The most basic difference is that a bipolar transistor requires current at the control terminal (the base lead), whereas a mosfet requires none. However, there are advantages to both in different situations.
You generally cannot substitute a bipolar transistor for a fet, because the circuit will not be designed to supply the required base current.
MOSFETs have three leads, a source, a gate, and a drain. Bipolar transistors also have three leads, but they are called emitter, base, and collector. These leads roughly correspond to one another, ie, the emitter is like the source, the base is like the gate, and the collector is like the drain. Making the base (gate) more positive (for NPN and N-MOSFETs) or negative (for PNP or P-MOSFETs) with respect to the emitter (source) causes more current to flow from collector (drain) to emitter (source).

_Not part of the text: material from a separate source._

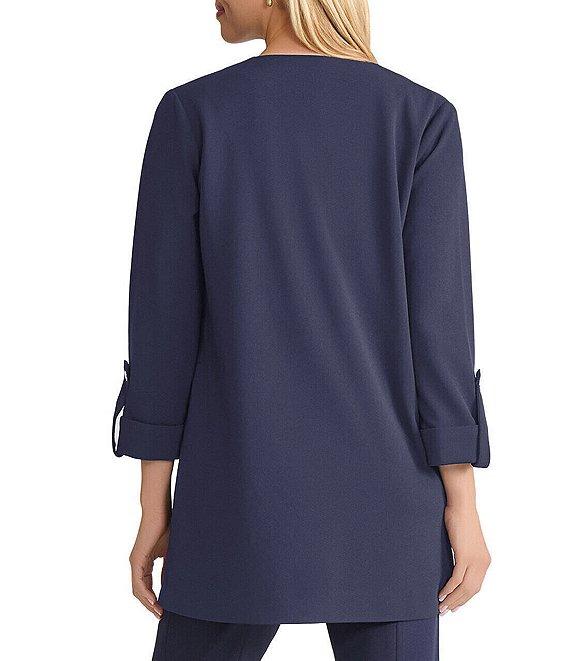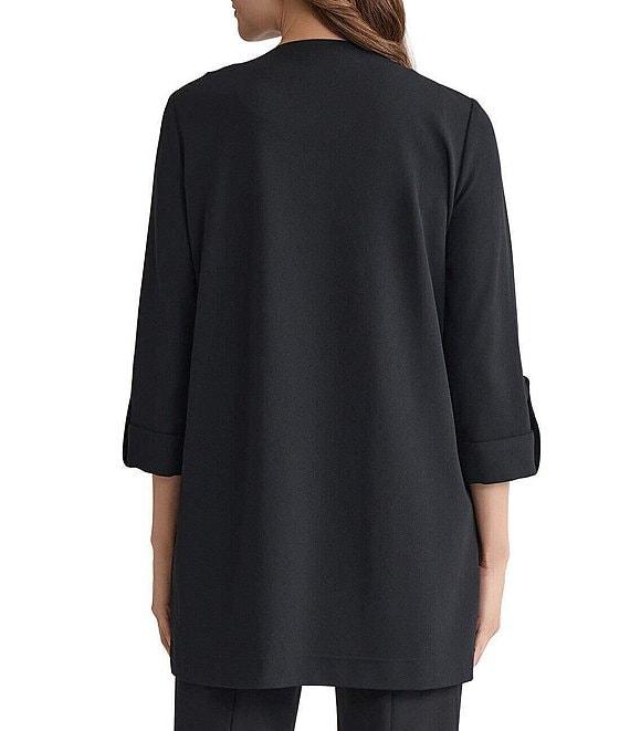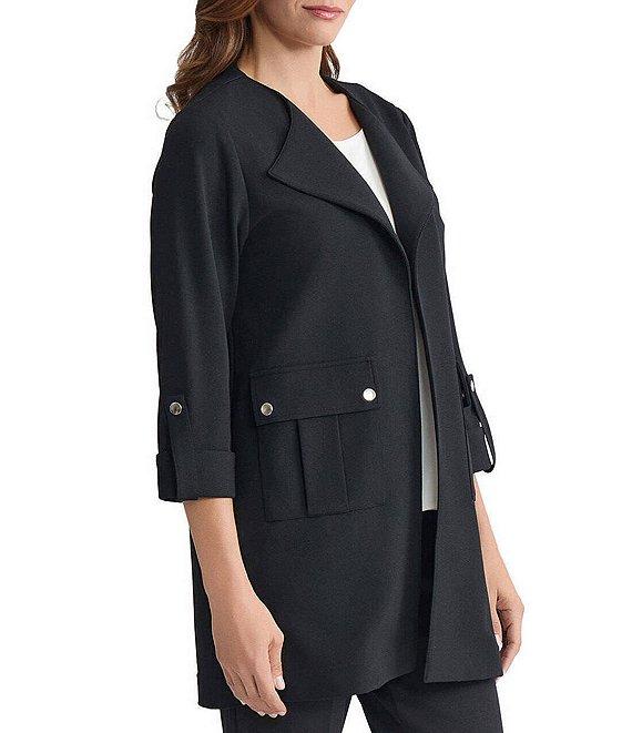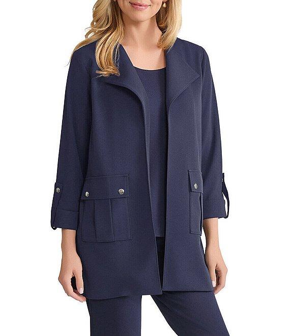 From Ming Wang, this jacket features: Lightweight stretch deco crepe fabrication Wing collar neckline Long roll-tab sleeves Front patch flap pockets Snap pocket closure Approx. 32" length Straight hem No closure Polyester/spandex Hand wash Imported.

This terminology is totally confusing, and, sadly, you just have to get used to it if you want to talk about these things.
MOSFETs are used to construct CMOS devices, and are thus the main transistor component to microprocessors. They are also good for constructing huge power transistors, which are easier to control due to the lack of required gate current.
Bipolar transistors are generally more useful for analog design, where the lower noise, more easily predicted voltage requirements, and lower control voltages are useful.
For a FET, the electrostatic field of charges on the control terminal (the gate) is used to moderate the output. MOSFETs have a silicon oxide layer that insulates the gate from the charge. JFETs use a reverse-biased PN junction's depletion region to isolate the gate from the source and drain. For bipolar transistors, the movement of charges across PN junctions controls the output.